14th February 1770

[Cape Pallisser to Banks Peninsula]
P.M. a fresh breeze sprung up at North-East, and we Steer'd South-West by West for the Southermost land we had in sight, which bore from us at sunset South 74 degrees West. At this time we found the Variation to be 15 degrees 4 minutes East. At 8 A.M. it fell Calm; at this time we had run 21 Leagues South 58 degrees West since Yesterday at noon, which brought us abreast of the high Snowy mountain, it bearing from us North-West in this direction. It lay behind a Mountainous ridge of nearly the same height, which riseth directly from the Sea, and runs Parrallel with the Shore, which lies North-East 1/2 North and South-West 1/2 South. The North-East end of the ridge takes its rise but a little way inland from Cape Campbell. These mountains are distinctly seen both from Cape Koamaroo and Cape Pallisser, being distant from the former South-West 1/2 South 22 Leagues, and from the Latter West-South-West 30 Leagues: but they are of a height sufficient to be seen at a much greater distance. By some on board they are thought to be much higher than the Peak of Teneriffe, which I cannot agree to; neither do I think them so high as Mount Egmont, on the South-West Coast of Aeheinomouwe, founding my opinion on the summit of the Latter being almost wholy covered with Snow, whereas it only lies upon these in patches.* (* The highest peak of the Kaikoura Mountains, Mount Tapuaepuka, is 9500 feet high. It is therefore higher than Mount Egmont, but not so high as the Peak of Teneriffe. The snow lies thicker on the western side of New Zealand mountains, so Cook's parallel was fallacious. The Endeavour was now near the Kaikoura Peninsula, where a small town stands at the present day, the shipping port of an agricultural district.) At noon was in the Latitude of 42 degrees 34 minutes South; the Southermost land we had in sight bore South-West 1/2 West, and some low land that made like an Island lying close under the foot of the Ridge North-West by North, distant about 5 or 6 Leagues.

Joseph Banks Journal
Shooting again, killd Nectris munda and Procellaria saltatrix.
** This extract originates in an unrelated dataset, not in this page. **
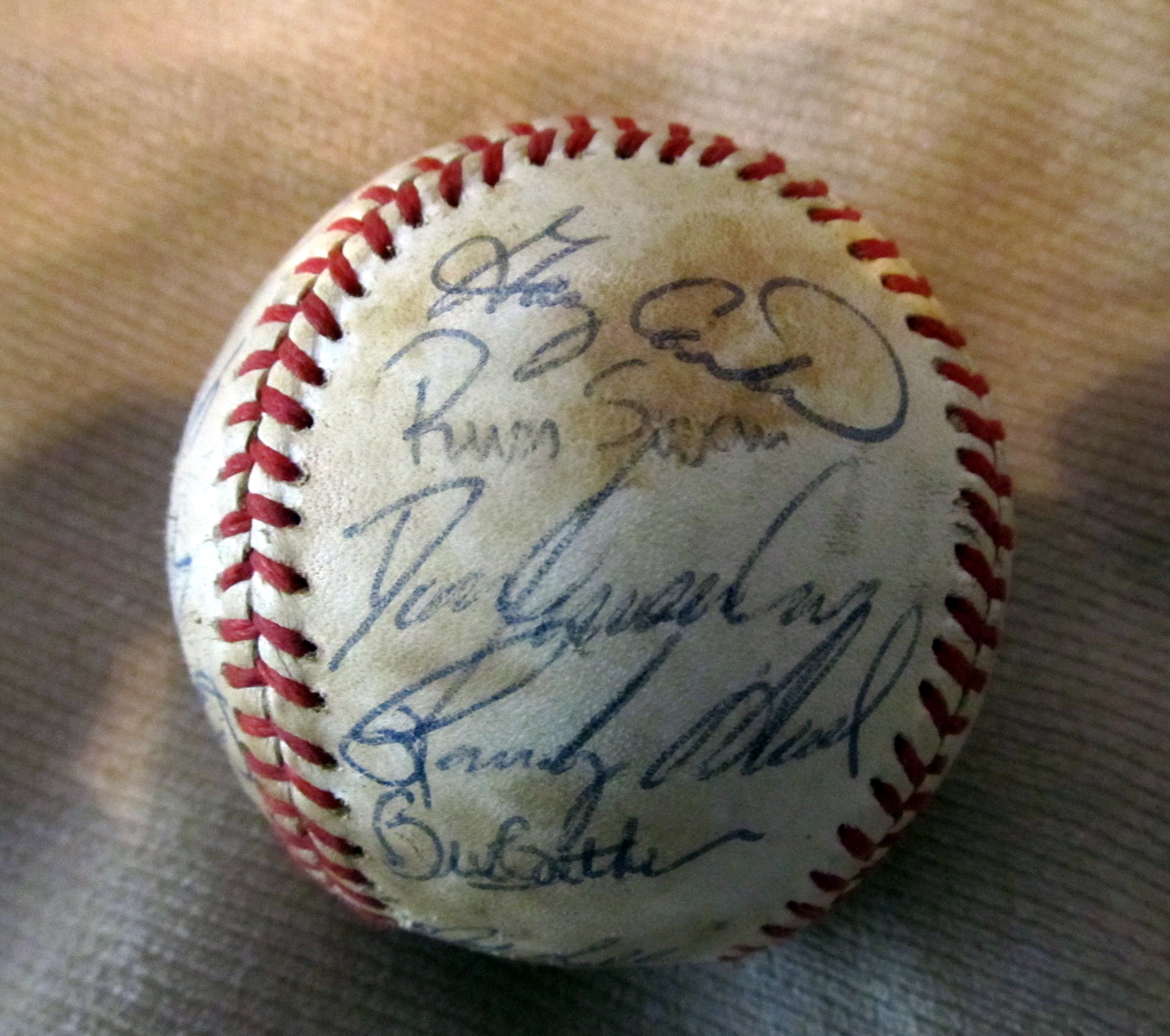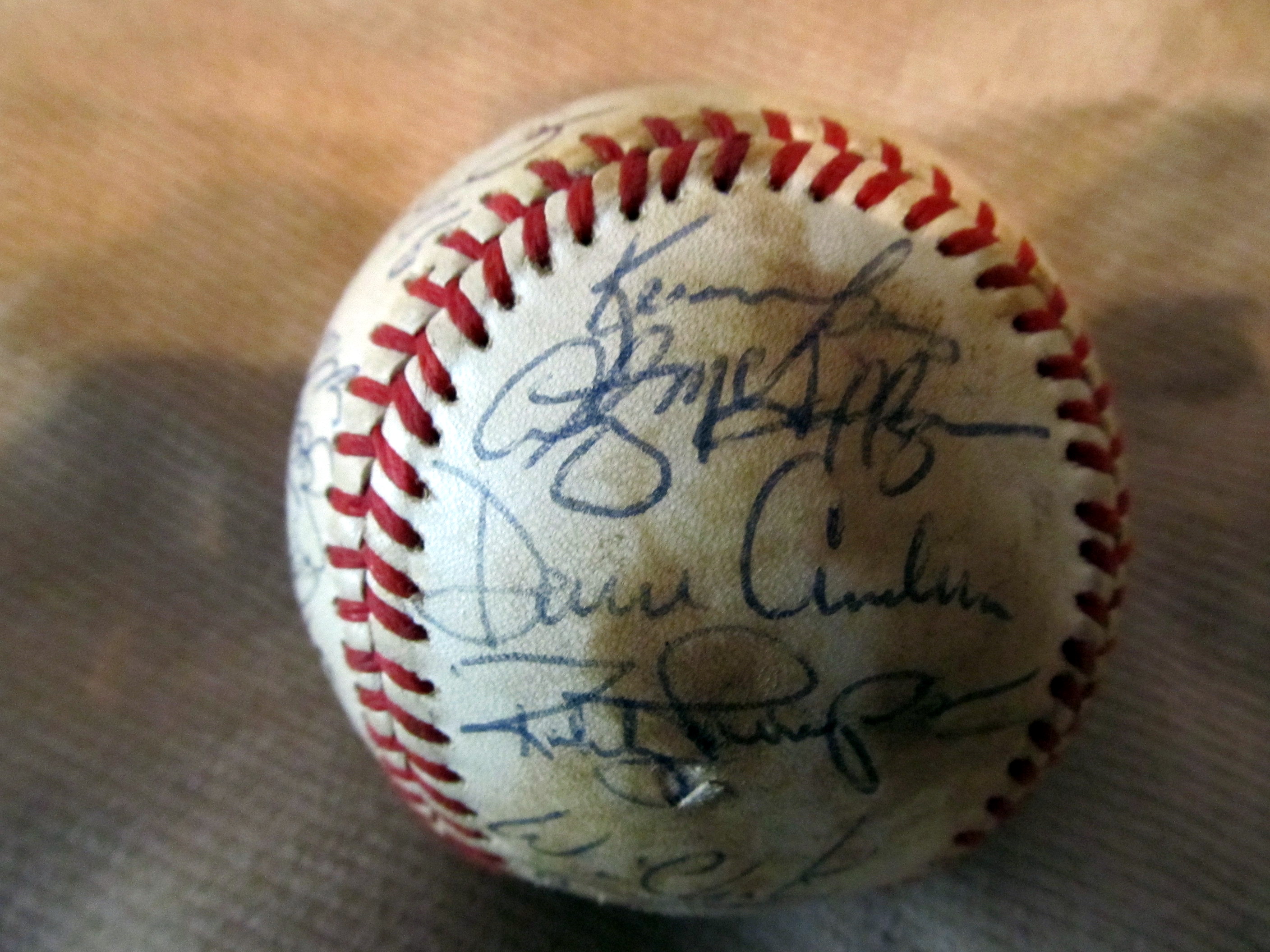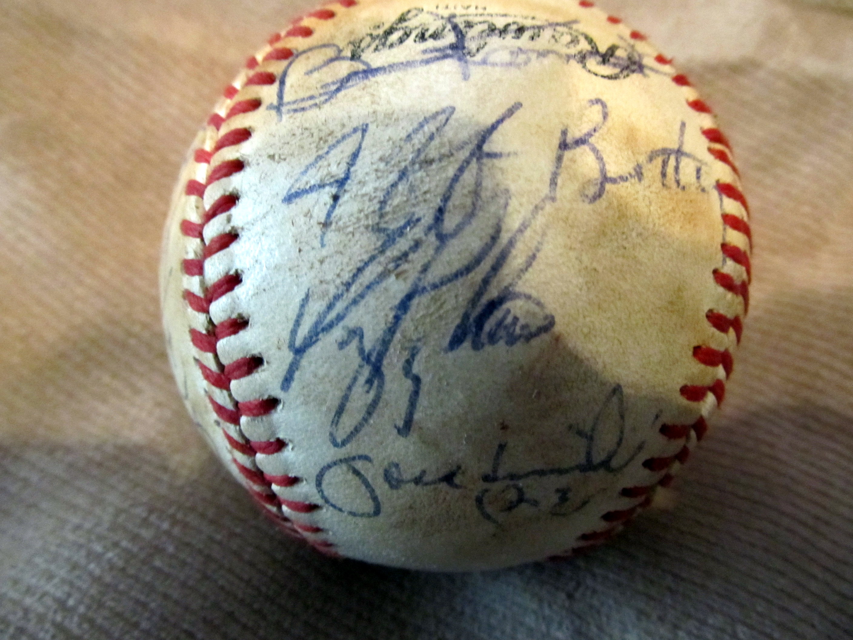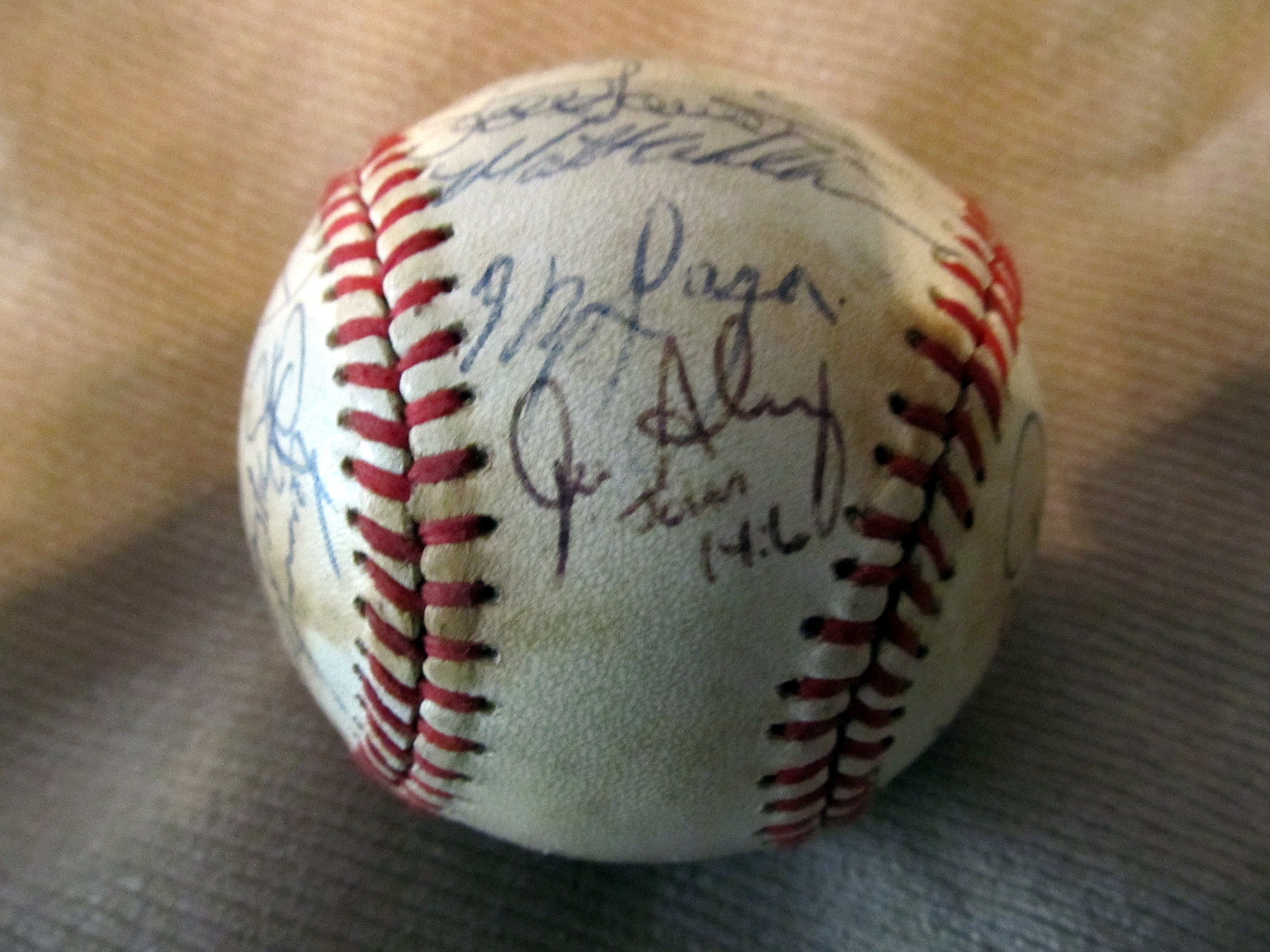This is a baseball I got at an auction. On the box that it was in someone wrote ( baseball dad gave me ) It has about 16 signatures on it a few I can make out. Gary Carter, Will Clark, Bob Lillis, Dan Quisenbury. The others I cant make out. Probley need an sigature expert to find out. I would like to know what it is worth. thank you. Dave
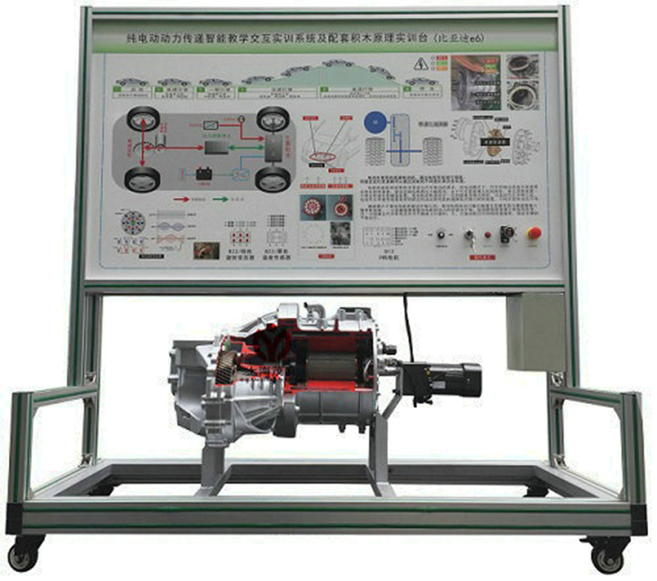 比亞迪e6純電動動力傳遞交互實訓平臺采用比亞迪e6動力傳遞交互實訓系統(tǒng)基于比亞迪e6實車動力總成和原理基礎積木擺放臺構(gòu)建而成,包括驅(qū)動電機、變速箱、P檔電機、車速傳感器、差速器、水溫傳感器等,配有經(jīng)噴涂油墨、裝配具有保護功能的檢測端子,可測量電壓,電阻,波形等信號。適用于中高職院校、技工院校、新能源培訓機構(gòu)對于比亞迪e6汽車動力總成的教學培訓。

While I was out 4 Canoes came off from the shore which I had not the least suspicion of, as we were farther from the shore than ever canoes had come before. Signals were made but as the ship was right in the wake of the sun none of them were seen by us till we saw the canoes themselves, when we immedi[a]tely pulld for the ship and got aboard I beleive without the Indians ever seing us so much was their attention taken up with looking at the ship; indeed if they had no bad consequence could have ensued as they were so timourous that they hardly dard venture within call of the ship. They stayd but a little while and then went away, not time enough to get ashore before it was dark, for at sunset we saw them not more than half way between us and the shore. I had two or three oppertunities this even of seeing Albatrosses raise from the Water which they did with great ease; maybe when they are not able to do so (which I have seen) is when they are Gorgd with food.

Sydney Parkinson Journal
We passed Cook's Straits, without seeing them, on the east side of  Toaipoonamoo. The land consists of high ridges of mountains, whose tops, streaked with snow, had but little verdure upon them; and, at the bottom of them, we saw but little low land. In the afternoon, four double canoes, in which were fifty-seven people, came off to us; they had some leaves about their heads, but few cloths on their bodies, and seemed to be poor wretches. They kept aloof from us, nor could we persuade them to traffic with us.